В общем, вместе с тремя товарищами я решил перелететь в Англию на борту «Дена-55». Это был совсем новый тип самолета, который никто из нас раньше не пилотировал.

Аэродром Бордо-Мериньяк 15, 16 и 17 июня 1940 года был наверняка одним из самых странных мест, где мне когда-либо доводилось побывать.

Со всех концов неба на посадку заходили бесчисленные летательные аппараты и загромождали собой летное поле. Из машин, ни тип, ни предназначение которых мне были неведомы, на траву высаживались не менее любопытные пассажиры, похоже, попросту прыгнувшие в первый же попавшийся под руку вид транспорта.

Аэродром превратился в своего рода ретроспективную выставку всего, что было на вооружении военно-воздушных сил двадцать лет: прежде чем умереть, французская авиация устраивала смотр своему прошлому. Экипажи были порой еще более странными, чем самолеты. Я видел пилота военно-морской авиации с одним из самых прекрасных боевых крестов, когда-либо украшавших грудь воина, вылезающего из кабины своего истребителя, держа заснувшую девочку на руках. Я видел сержанта-пилота, выгружавшего из своего «Гоэлана» не кого-нибудь, а пятерых разлюбезных пансионерок какого-то провинциального публичного дома. Я видел в одном «Симуне» седовласого сержанта и женщину в брюках с двумя собаками, кошкой, канарейкой, попугаем, скатанными коврами и картиной Юбера Робера [100] у переборки. Я видел, как добропорядочная семья — отец, мать, две юные дочери — с чемоданами в руках торговалась с пилотом о перелете в Испанию, причем pater familias [101] был кавалером ордена Почетного легиона. А главное, я видел и буду видеть всю мою жизнь лица пилотов «Девуатинов-520» и «Моранов-406», возвращавшихся из последних боев на пробитых пулями крыльях, и как один из них, сорвав свой боевой крест, швырнул его на землю. Я видел добрых три десятка генералов, которые, столпившись около вышки, все ждали, ждали, ждали. Видел молодых пилотов, самовольно захватывавших «Блоки-151» и взлетавших без боеприпасов, с одной лишь надеждой протаранить вражеские бомбардировщики, чьи налеты беспрестанно объявлял вой сирены, но которые так и не появлялись.
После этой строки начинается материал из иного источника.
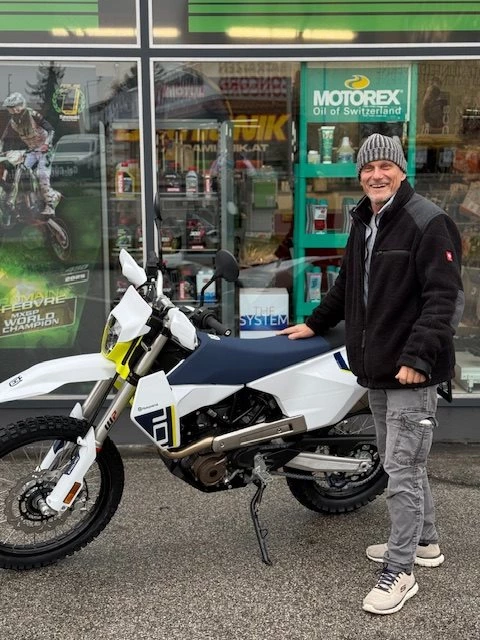 Herbert und seine neue Husqvarna 701 Enduro der Modellreihe 2026 sind einsatzbereit für längere Reisen auf der Straße, auf Schotterpisten oder für Fahrten im rauen Gelände. Wir wünschen mit der neuen Allrounderin viel Spaß egal ob im Großstadtdschungel, auf den schönsten Passstraßen im In- und Ausland oder auf anspruchsvollen TET-Passagen.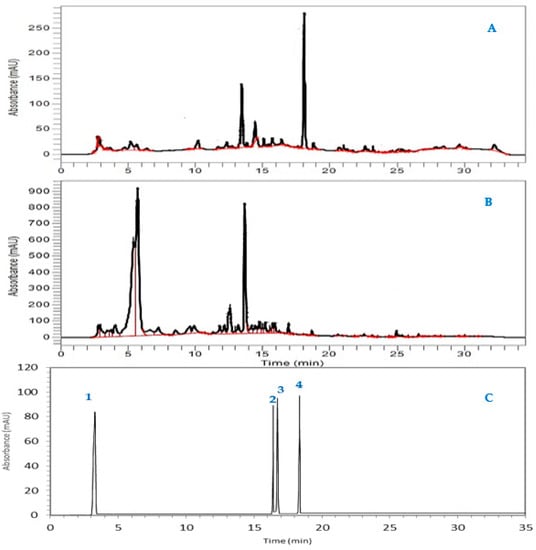 HPLC-DAD chromatogram of Solanum elaeagnifolium hydroethanolic extracts at 280 nm (leaves (A) and fruit (B)) and standards (C) (luteolin (1), quercetin (2), gallic acid (3), and naringenin (4)).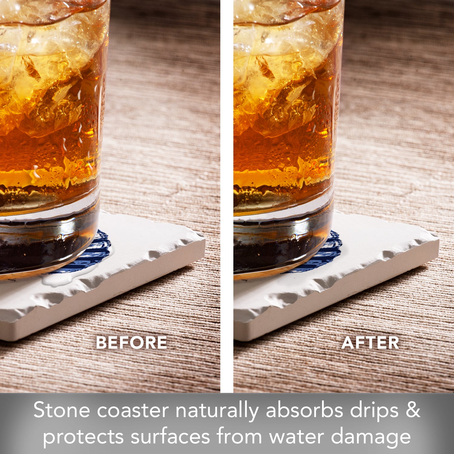 ABSORBENT STONE-Coaster is constructed from absorbent stone to absorb excess condensation from beverages. This is a 1 Coaster Pack to allow you to choose from our other coordinating Coaster Designs and create your own personal set.

И по-прежнему с неба сыпались представители невероятной воздушной фауны, бежавшие от катастрофы, среди которой «Блоки-210», знаменитые летающие гробы, казались особенно к месту.

100

Робер Юбер(1733–1808) — французский живописец.

101

* Отец семейства (лат.).

Но, наверное, с наибольшей симпатией я буду вспоминать наши дорогие «Потезы-25» и их старых пилотов, завидев которых мы неизменно затягивали популярную в то время песенку: «Дедуля, дедуля, лошадку-то забыл». Эти сорока-пятидесятилетние старички все были резервистами, а некоторые даже ветеранами Первой мировой. Несмотря на пилотские награды, которыми они гордо щеголяли, их в течение всей войны держали на «земных» должностях: завстоловыми, писарями, начальниками канцелярий, вопреки постоянным и никогда не сдерживаемым обещаниям допустить к тренировочным полетам. Теперь они отыгрывались. Их там было десятка два крепких сорокалетних мужиков, и, воспользовавшись всеобщей сумятицей, они взяли дело в свои руки. Безразличные к любым признакам поражения, громоздившимся вокруг них, они реквизировали все имевшиеся в наличии «Потезы-25» и взялись за тренировочные полеты, набирая летные часы и преспокойно кружа над аэродромом, словно пассажиры, решившие вдруг порезвиться на воде во время кораблекрушения, веря с несокрушимым оптимизмом, что поспеют прямо «к первым боям», как они сами говорили с великолепным пренебрежением ко всему, что было до их вступления в драку. Так что в этом странном воздушном Дюнкерке, в атмосфере конца света, среди самой разношерстной воздушной фауны, над растерянными генералами, над головами побежденных, схитривших или отчаявшихся, усердно гудели «Потезы-25» старых летунов, садясь и вновь взлетая, и на наши дружеские приветствия из кабин неизменно отвечали веселые и решительные ухмылки этих сопротивленцев, пришедших последними, но ставших первыми. Они были Францией доброго вина и напоенного солнцем гнева, той Францией, что пробивается, крепнет и возрождается всякий раз, что бы ни случилось. Были среди них торговцы и рабочие, мясники и страховые агенты, бездомные, спекулянты и даже один священник. Но у всех у них было одно общее — быть там, где надо.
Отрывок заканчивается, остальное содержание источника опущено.